2.6 years ago by
Iowa State University
Jen,
Thank you for the quick response. I should let you know, I am not a well-versed bioinformaticist, so this entire pipeline is new to me and I'm really struggling with this hurdle. I did as you suggested and the job completed just fine.

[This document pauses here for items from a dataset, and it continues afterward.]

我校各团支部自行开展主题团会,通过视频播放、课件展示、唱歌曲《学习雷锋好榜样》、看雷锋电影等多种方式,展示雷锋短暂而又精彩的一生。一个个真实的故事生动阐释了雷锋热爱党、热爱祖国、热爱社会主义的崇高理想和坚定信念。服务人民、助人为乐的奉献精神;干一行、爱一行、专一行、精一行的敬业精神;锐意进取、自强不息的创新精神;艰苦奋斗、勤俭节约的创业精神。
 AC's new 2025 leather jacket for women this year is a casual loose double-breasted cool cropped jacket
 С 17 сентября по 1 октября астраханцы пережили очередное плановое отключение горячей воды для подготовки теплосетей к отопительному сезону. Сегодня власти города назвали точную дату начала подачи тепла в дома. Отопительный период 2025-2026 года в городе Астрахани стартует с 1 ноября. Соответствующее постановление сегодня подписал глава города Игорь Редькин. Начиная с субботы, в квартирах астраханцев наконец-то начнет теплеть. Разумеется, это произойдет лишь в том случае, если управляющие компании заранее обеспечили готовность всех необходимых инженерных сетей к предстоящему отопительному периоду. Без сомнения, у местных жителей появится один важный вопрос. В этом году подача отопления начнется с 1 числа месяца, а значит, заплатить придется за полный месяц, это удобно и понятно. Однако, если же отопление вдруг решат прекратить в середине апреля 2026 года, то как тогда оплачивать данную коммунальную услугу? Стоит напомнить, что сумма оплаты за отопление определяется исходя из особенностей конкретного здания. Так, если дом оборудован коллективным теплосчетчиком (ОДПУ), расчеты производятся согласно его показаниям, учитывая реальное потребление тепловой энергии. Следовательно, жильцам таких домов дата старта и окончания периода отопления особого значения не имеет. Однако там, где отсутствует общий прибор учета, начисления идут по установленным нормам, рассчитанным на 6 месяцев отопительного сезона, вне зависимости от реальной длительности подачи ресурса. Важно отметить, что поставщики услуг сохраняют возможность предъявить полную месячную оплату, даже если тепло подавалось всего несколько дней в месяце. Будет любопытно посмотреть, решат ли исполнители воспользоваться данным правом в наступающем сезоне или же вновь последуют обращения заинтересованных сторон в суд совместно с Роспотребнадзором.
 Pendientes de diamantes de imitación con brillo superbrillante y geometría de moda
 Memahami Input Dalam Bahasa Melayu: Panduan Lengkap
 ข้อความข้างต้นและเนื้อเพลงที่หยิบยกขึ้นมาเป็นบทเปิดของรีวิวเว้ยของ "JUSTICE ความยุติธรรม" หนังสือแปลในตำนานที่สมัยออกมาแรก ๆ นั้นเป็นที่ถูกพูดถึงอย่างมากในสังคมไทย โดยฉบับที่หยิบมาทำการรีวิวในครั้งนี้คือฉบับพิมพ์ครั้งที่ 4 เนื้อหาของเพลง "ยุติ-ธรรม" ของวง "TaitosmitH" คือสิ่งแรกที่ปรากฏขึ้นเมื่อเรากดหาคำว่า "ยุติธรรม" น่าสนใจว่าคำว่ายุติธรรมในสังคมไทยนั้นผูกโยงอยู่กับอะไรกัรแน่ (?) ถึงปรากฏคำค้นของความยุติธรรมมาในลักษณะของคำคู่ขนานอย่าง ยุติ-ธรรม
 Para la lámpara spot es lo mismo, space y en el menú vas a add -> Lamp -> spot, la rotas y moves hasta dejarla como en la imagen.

I also thought that perhaps the GFF and genome files in the directory that failed might be the problem, so I used those with the successful transcript files and the job again completed successfully. So, what that leads me to believe is that my problem resides somewhere within the transcripts.gtf files generated from cufflinks.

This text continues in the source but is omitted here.